36 Yea, and cry unto God for all thy support; yea, let all thy doings be unto the Lord, and whithersoever thou goest let it be in the Lord; yea, let all thy thoughts be directed unto the Lord; yea, let the affections of thy heart be placed upon the Lord forever.
37 Counsel with the Lord in all thy doings, and he will direct thee for good; yea, when thou liest down at night lie down unto the Lord, that he may watch over you in your sleep; and when thou risest in the morning let thy heart be full of thanks unto God; and if ye do these things, ye shall be lifted up at the last day.
The words, “Counsel with the Lord in all thy doings, and he will direct thee for good,” run through my head often and have pushed me to continue keep praying these past five months. They have truly been some of the most heart-breaking months of my life. And at times when I thought I had nothing left, I had the most wonderful friends and a few family members who faithfully stuck by my side and carried me through. I know that these verses of scriptures are true, and that even though my direction took some time to figure out—we still received direction.

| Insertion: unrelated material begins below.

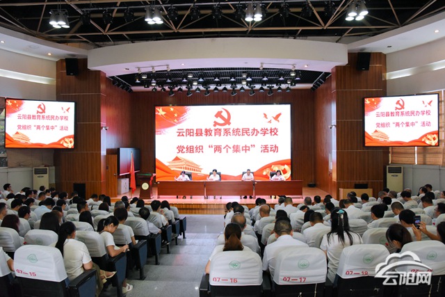 云阳网讯(通讯员 李建森)近日,县委教育工委在中山外国语学校举行民办学校党组织“两个集中”活动,并召开民办学校党建工作会。全县民办学校、培训机构负责人及党员,挂靠学校党组织书记和派出党建指导员共200余人参加活动及会议。

The treatment for PANDAS is primarily a few months of antibiotics and we have already seen some improvement. We are still fighting this stuff, but at least we finally know what we are fighting!!
Oh yeah, and the 17 hour car ride home….well, let’s just say it’s a good thing we were still on somewhat of a spiritual high from the appointment because it was R-O-U-G-H!! I may have cried and told my husband to just let me walk the last 8 hours by myself…..and I meant it!! But we made it home, because of this guy…(My talented friend, Sanae James took this beautiful photo!)
My sweet husband drove through the night—24 hours straight with Justin screaming for the first 10 hours of that, to get us home!! He just keeps on going, which is why I love him so much. And I’m grateful he ignored my falling apart and hysteria and just kept telling me “we’re going to make it!”
Thank you again, to everyone who has prayed and sent us encouraging words—it has truly kept us going!! And we have literally felt the strength and power of prayer.